In this question, we’re given the
graph of a function 𝑦 is equal to 𝑓 of 𝑥. And we’re asked to use this graph
to determine the solution set of the equation 𝑓 of 𝑥 is equal to zero. Before we start answering this
question, we can note that the graph 𝑦 is equal to 𝑓 of 𝑥 has a parabolic shape
which opens upwards. This means it’s likely that 𝑓 of
𝑥 is a quadratic function with positive leading coefficient. However, this is not strictly
necessary. And we don’t need this information
to answer the question. Instead, we can start by recalling
the solution set of an equation is the set of all solutions to the equation. In this case, it will be the set of
all values of 𝑥 which satisfy the equation 𝑓 evaluated at 𝑥 is equal to zero.
In other words, we’re looking for
all of the values of 𝑥 where the output of the function is zero. And we can find these 𝑥-values by
using the given diagram. We recall when we graph a function,
the 𝑥-coordinate of any point on the curve tells us the input value of the function
and the corresponding 𝑦-coordinate tells us the output value of the function. For example, we can see the point
with coordinates two, five lies on the graph of 𝑦 is equal to 𝑓 of 𝑥. The 𝑥-coordinate of this point is
the input value of the function, and the 𝑦-coordinate is the corresponding
output. 𝑓 evaluated at two must be equal
to five.
We want to find the input values of
the function where the output of the function is zero. So we want to find the points on
the curve whose 𝑦-coordinate is equal to zero. And the 𝑦-coordinate will be equal
to zero whenever the function crosses the 𝑥-axis. In other words, the solutions to
this equation are the 𝑥-intercepts of the curve.

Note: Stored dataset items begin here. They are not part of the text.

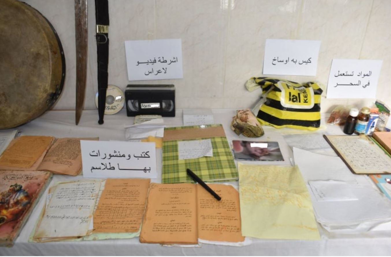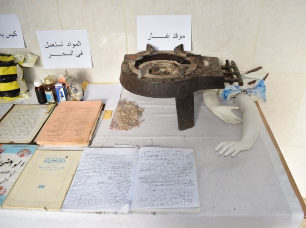 وتم حجز كل هذه الأغراض وانجاز ملف جزائي ضد المعني بالتنسيق مع الجهات القضائية بقضية النصب وممارسة طقوس الشعوذة .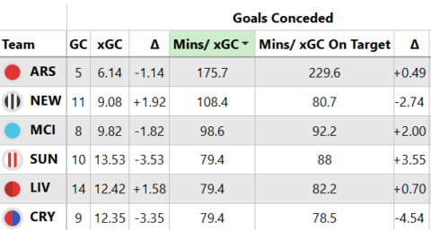 After 11 Gameweeks, Sunderland are joint-fourth for fewest goals conceded (10), joint-fourth for clean sheets (four) and joint-fourth for lowest xGC (below).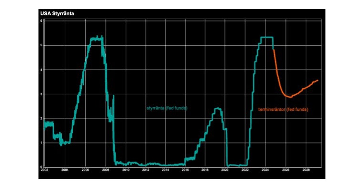 Fedordföranden James Powell förklarade beslutet med att riskbilden tippat över från stigande inflation till högre arbetslöshet. Den fortsatta gissningsleken handlar i närtid om hur stora ytterligare sänkningar det blir i höst. Räntemarknaden prisar in ytterligare tre kvarts procent men enligt medianen av bedömningarna från ledamöterna i Federal Open Market Committee (FOMC) blir det bara en halv procent till i år. Oenigheten är stor. Hela sju av nitton bedömde att räntan bara skulle behöva sänkas med ytterligare en kvarts procent i år och två medlemmar trodde att dagens räntenivå skulle vara lämplig året ut.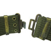 Based on the versatile US made M36 web belt and improved on by Belgian design. A very innovative and adaptable design, using rows of 3 eyelets all the way around the belt. The top row is made for attaching the users suspenders too. The middle is used for adjusting the best to the desired size, via a small hook attached to the belt. Finally the last set of eyelets, made for attaching equipment and gear too.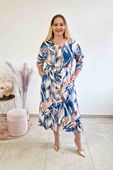 Luźny fason, kieszenie i rękawy ¾sprawiają, że z powodzeniem założysz ją do pracy, na spacer czy rodzinny obiad. Ta długa sukienka na lato sprawdzi się zarówno w biurowej stylizacji, jak i podczas weekendowego spaceru. Luźny, przewiewny krój zapewnia komfort przez cały dzień, a dzięki printowi w liście całość zyskuje świeżości i lekkości. Pasek możesz nosić dowolnie – luźno zawiązany, by nadać sukience lekkości, lub mocniej ściągnięty, aby wyeksponować talię.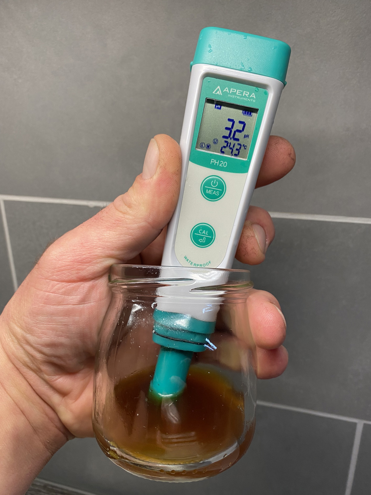 Das Salty Caramel Brown Ale hat übrigens einen sportlichen pH-Wert von ca. 3,2. Ganz schön sauer... Wer wohnt da bloß in meinem Fass? Zum fruchtig-hopfigen Saison könnte das aber ganz gut passen.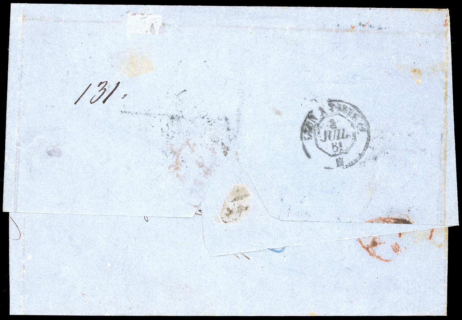 SARDEGNA/SICILIA-OLANDA 1861 - 1 cent. grigio nero per stampati, 80 cent. giallo arancio, 10 cent. grigio olivastro chiaro, due esemplari, 20 cent. celeste (19,17C,14C,15Da), su lettera da Messina 3076/1861 ad Amsterdam, via Marsiglia. Rarissima affrancatura e destinazione per il periodo storico di reintroduzione dei francobolli in Sicilia. Tariffa estremanente rara, applicata in grana convertiti in centesimi. Insieme probabilmente unico. Ferrario.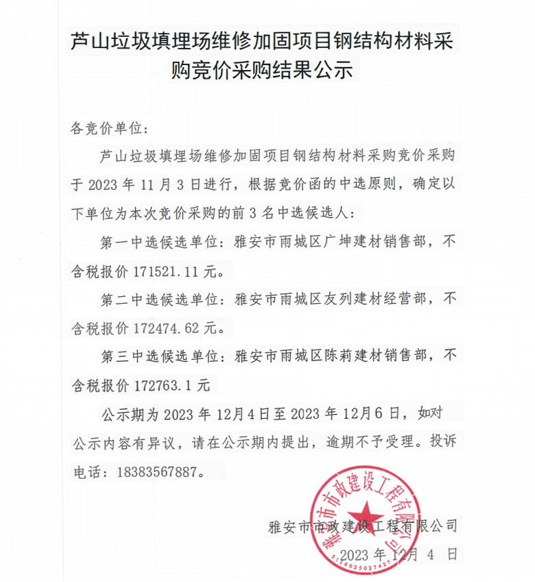 蘆山垃圾填埋場維修加固項目鋼結構材料采購競價采購結果公示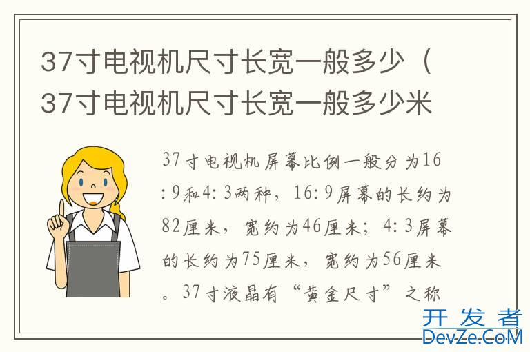 品牌型号:海信电视 系统:75E3F37寸电视机屏幕比例一般分为16:9和4:3两种,16:9屏幕的长约为82厘米,宽约为46厘米;4:3屏幕的长约为75厘米,宽约为56厘米。37寸液晶有“黄金尺寸”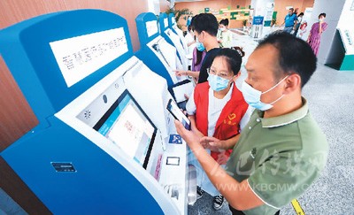 居民在浙江省湖州市吳興區(qū)人民醫(yī)院使用智慧醫(yī)療多功能自助機(jī)支付醫(yī)藥費(fèi)。新華社記者 徐昱 攝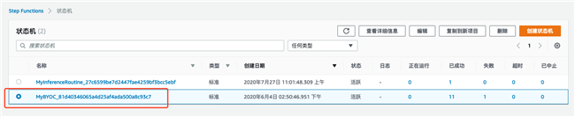 (6)执行完成后,打开Amazon Step Functions控制台,会看到多出一个状态机,如下图所示: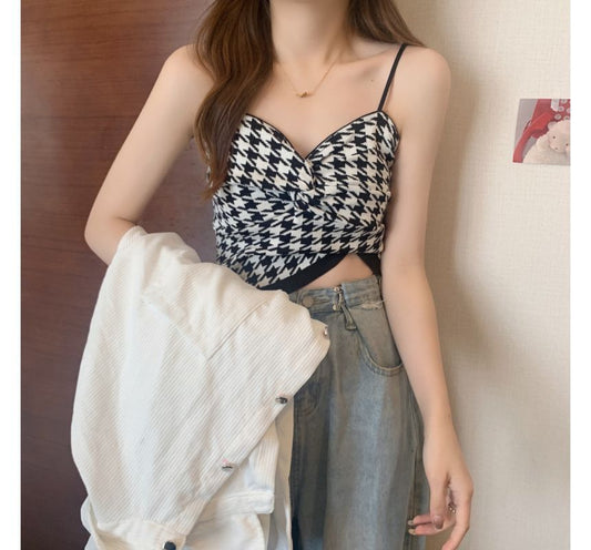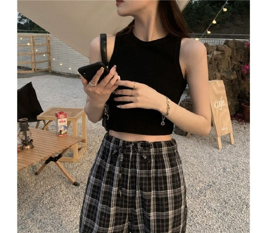 Square Tank Neck Top Ribbed Plain Crop Knit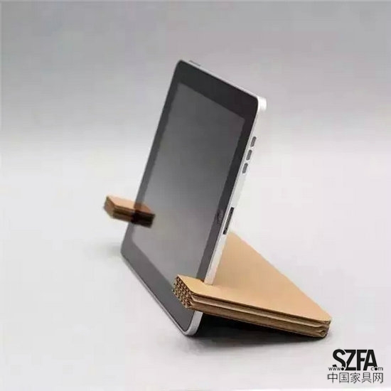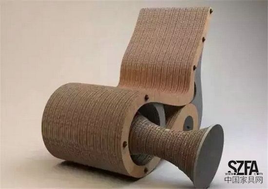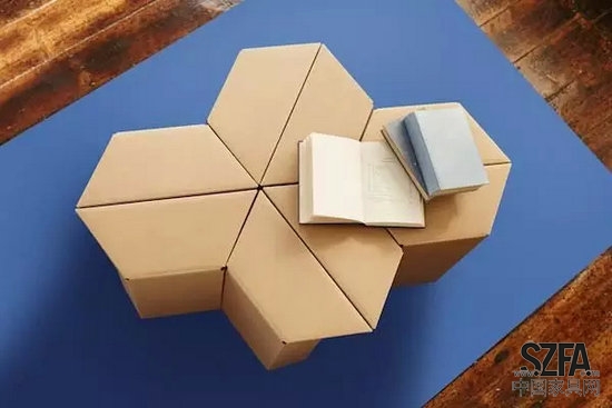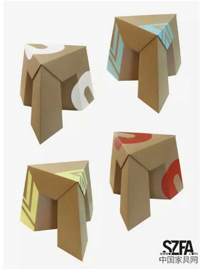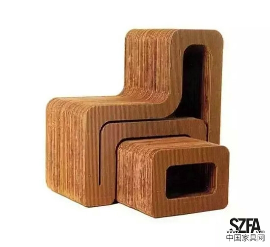 一把椅子,一個腳踏(兼具雜志架功能),一個茶幾,用多層瓦楞紙切割而成,拆卸、組合都非常方便,節(jié)省空間。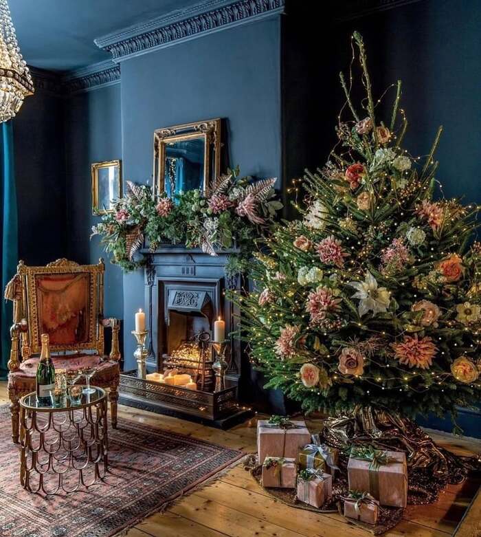 Here, the walls are moody gray, the tree is natural and tall, and the fireplace is black and stately. A leather wing chair sits ready for cocoa. Gold ornaments and warm fairy lights bring the glow. It’s elegant without being stiff. If you want an antique Christmas living room that feels collected by a book lover, this is it. I personally crave this look on cold nights when I want quiet.
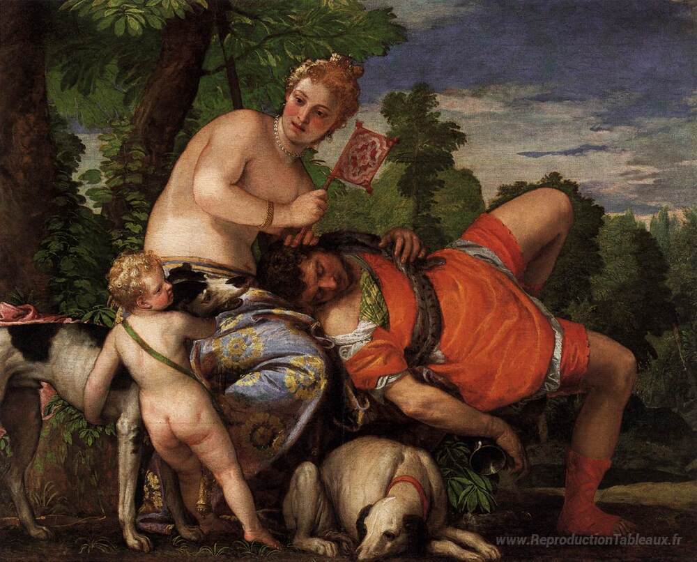 Nous vous proposons une reproduction artisanale sur toile du célèbre tableau 'Vénus et Adonis' de Paolo Veronese, provenant du Musée de la Reproduction.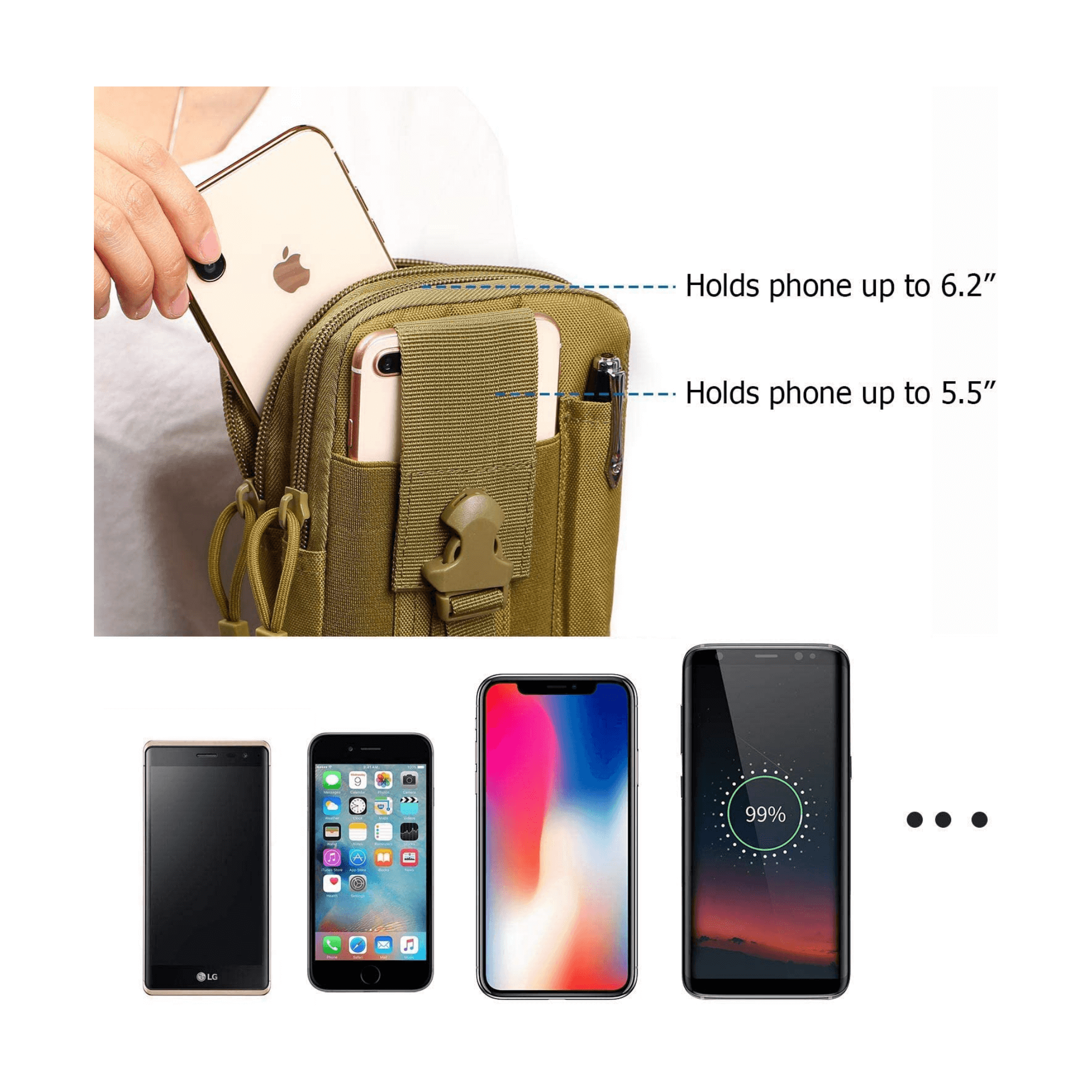 - MULTI-USE STORAGE: This MOLLE military waist bag is ideal whether you need to carry your meds with you in a secure place, or whether you want a place to keep your cell phone and power bank safe from the elements. Keys, wallets, glasses, contact lens containers, medical masks, and jewelry are just a few of the other items that this multiple-pocketed bag can hold while you’re busy living your best life.

And we can see that there are two
𝑥-intercepts of this parabola: negative three and one. In particular, 𝑓 evaluated at
negative three is equal to zero and 𝑓 evaluated at one is also equal to zero
because the 𝑦-coordinate of these points on the curve is zero. And remember, we need to write this
as the set of all 𝑥-values which solve the equation. So, that’s the set containing
negative three and one. And it’s worth noting that this
method holds in general. The solution set of the equation 𝑓
of 𝑥 is equal to zero is always the same as the set of 𝑥-intercepts of the graph
of the function 𝑦 is equal to 𝑓 of 𝑥.
Therefore, we were able to show by
using the diagram of the graph of 𝑦 is equal to 𝑓 of 𝑥, the solution set of the
equation 𝑓 of 𝑥 is equal to zero is the set containing negative three and one.